From: Michael Everson (everson@evertype.com)
Date: Mon Apr 26 2004 - 18:50:43 EDT
Surely this LONG message belongs on the RFC 3066 list.
Come ON people.
At 09:25 -0700 2004-04-26, Peter Constable wrote:
>Mark:
>
>I really feel your usage of terminology here is unhelpful -- in very
>practical ways, unhelpful, because it makes it more difficult to get
>people to understand how to implement things in the right way.
>
>It may be that the application that most interests you is the naming of
>locales, but that does not change the fact that the notions of "locale"
>and "language" are different, and that the primary intent of RFC 1766
>and it's successors has always been identification of "languages", as
>the title and introduction to RFC 3066 indicate:
>
>"Tags for the Identification of Languages"
>
>"One means of indicating the language used is by labeling the
>information content with an identifier for the language that is used in
>this information content."
>
>Whether in your broad or narrow sense, a locale is an operational mode
>of a software application or of a software operating environment to
>provide culture-dependent tailoring.
>
>"Language" in the sense used by RFC 1766/3066 is a
>linguistically-related attribute of content, and a language identifier
>is used to label content to indicate that attribute, or to label
>resources (e.g. spelling checkers) that can appropriately be applied to
>that content. I think that's stated reasonably clearly in RFC 1766/3066
>
>One should also refer to RFC 2277, IETF Policy on Character Sets and
>Languages, which clearly distinguishes "language" tags and "locale"

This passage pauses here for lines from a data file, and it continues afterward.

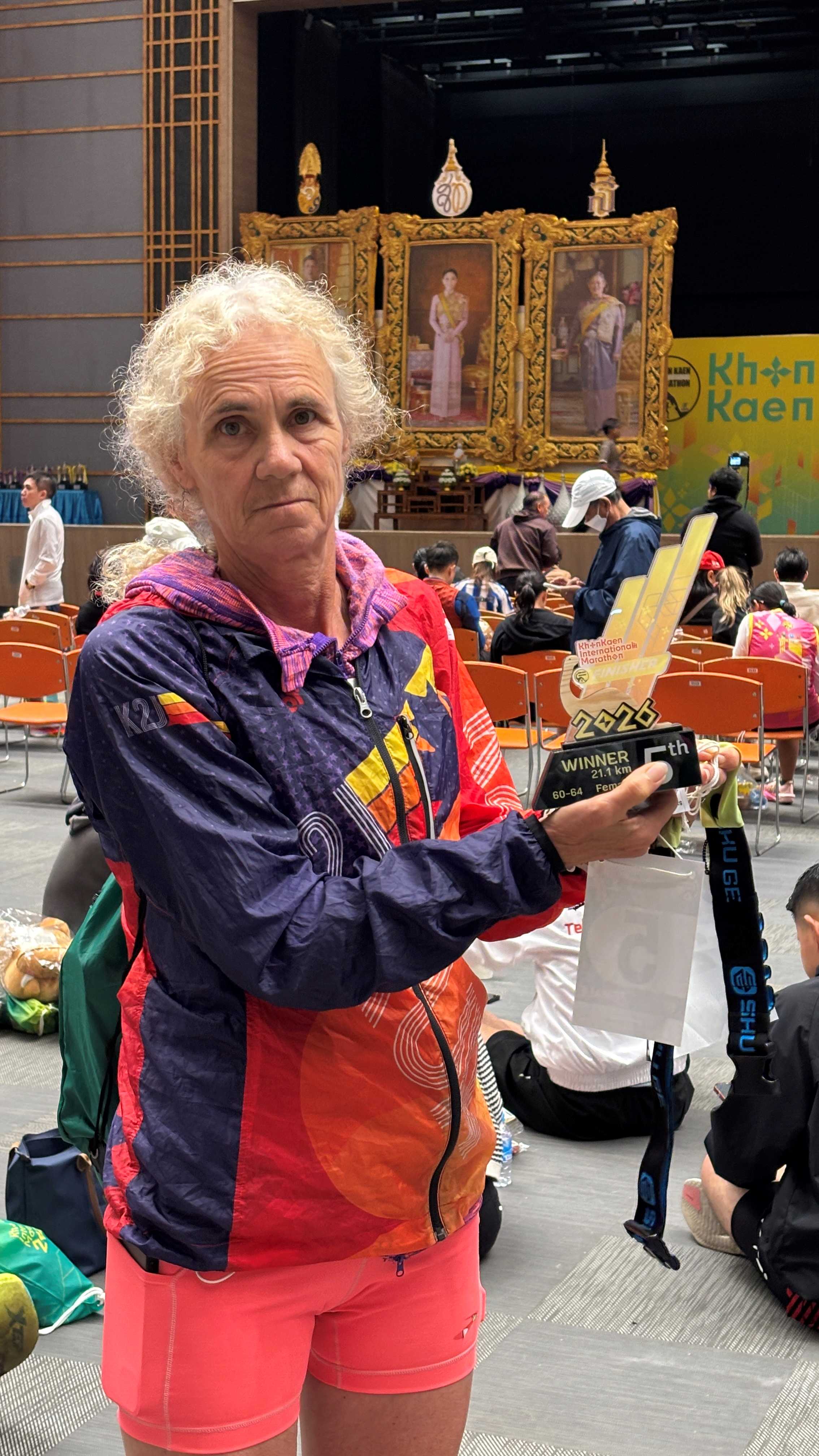 As the run progressed and we were 2km from finish, the half and full marathon runners merged onto our route, and this got the roads busy with runners again. We could hear the announcements and music well before we saw the sight end, and cruising over the finish line was a great feeling for another nice run in Thailand. Medals handed out, drinks provided, and also got a strip of 6 tickets to pickup food and beverages at the numerous food tents setup at the end. Found Judy here too, and she won another AG finish with 5th place finish, so we went to pickup extra food from the mind boggling 135 booths preparing post-race meals, and made our way into the Convention Hall where the awards were being finalized before being handed out. Note the Thai King and Queen were at the awards, handing out finisher prizes to overall winners of the Marathon. The Queen is an enthusiastic runner!
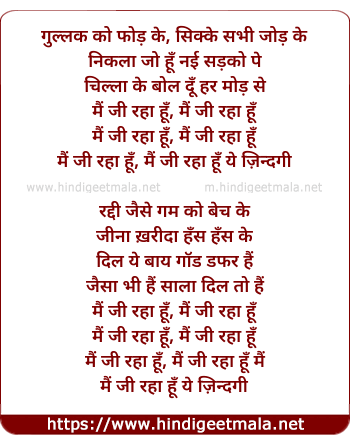 Lyrics of Main Jee Raha Hoon - मैं जी रहा हूँ
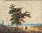 ECOLE FRANCAISE du XIXème Cavalier dans un paysage Aquarelle portant une signature F. Ziem en bas à gauche 31 x 40 cm à vue (nombreuses traces d'humidité)
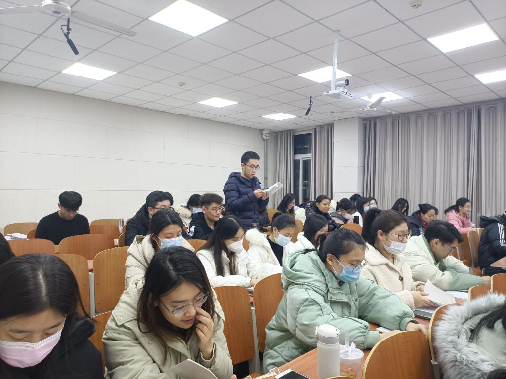 会议前,支部严格执行“第一议题”制度,由田青带领全体党员学习了习近平总书记关于文化的相关论述。习近平总书记强调,弘扬中华优秀传统文化,要处理好继承和创造性发展的关系;要推动中华优秀传统文化创造性转化、创新性发展;自觉利用中华优秀传统文化、革命文化、社会主义先进文化培根铸魂、启智润心,不断提高人文素养和精神境界,做到修身慎行、怀德自重、清廉自守,永葆共产党人的政治本色。与会党员积极研讨交流学习情况。学生党员侯汝栋认为要时刻坚定理想信念,做有底气的新时代青年,做新时代的奋斗者;屈文熙指出,作为一名共产党员,应当走在前列,不怕吃苦,不怕吃亏,不求索取,做好本职工作,不断加强党性修养,提高思想觉悟。

>tags. In the IETF context, which is the context for RFC 1766/3066, those
>documents provide do *not* provide tags for locales; they provide tags
>for languages.
>
>
>> There is, as I have said, a perfectly reasonable, narrow sense of
>> locale which is essentially identical to what is captured by RFC 3066.
>
>But that does not mean that it's a good thing to refer to RFC 3066 tags
>as locale identifiers.
>
>> And in
>> practice, RFC 3066 is often used with that meaning. I don't see any
>need to deny
>> reality (at least not in this area ;-)
>
>I think you overstate actual practice: For many years, various software
>implementations have used combinations of ISO 639-1 language identifiers
>and ISO 3166 country identifiers joined with an underscore to create
>locale identifiers; e.g. "en_US". It was not until Microsoft's .Net
>Framework that locales ('CultureInfo' in that context) have been named
>using strings that *resemble* RFC 3066 tags -- and it needs to be
>pointed out that the namespace for CultureInfo.Name is not the same as
>the RFC 3066 namespace.
>
>It may be that you and some others have come to refer to RFC 3066 tags
>as "locale" (in some unspecified sense) identifiers, but that
>terminology certainly is not used by all. Indeed, as mentioned above, it
>is counter to IETF practice as described in RFC 2277.
>
>My contention is that it's unhelpful to refer to RFC 3066 as "locale"
>tags. I have no problem with *using* RFC 3066 to name certain locales,
>or to control the operational mode of software processes in certain
>contexts. But saying that RFC 3066 tags are "locale" tags is decidedly
>unhelpful in getting people to understand what are appropriate
>requirements of implementations. While you may have a conceptualization
>that distinguishes between "narrow" and "broad" senses of "locale",
>there are at least some software implementers (and I suspect this
>applies to most) that only know of "locale", without any distinction of
>subtypes. As a result, people inevitably will end up confusing
>namespaces for locales with the RFC 3066 namespace. My concern is that
>this will lead to problems of interoperation, and will potentially
>undermine RFC 3066.
>
>Consider a couple of situations. First, someone needs to define in their
>software a locale for (say) US English but we a 24-hour time format.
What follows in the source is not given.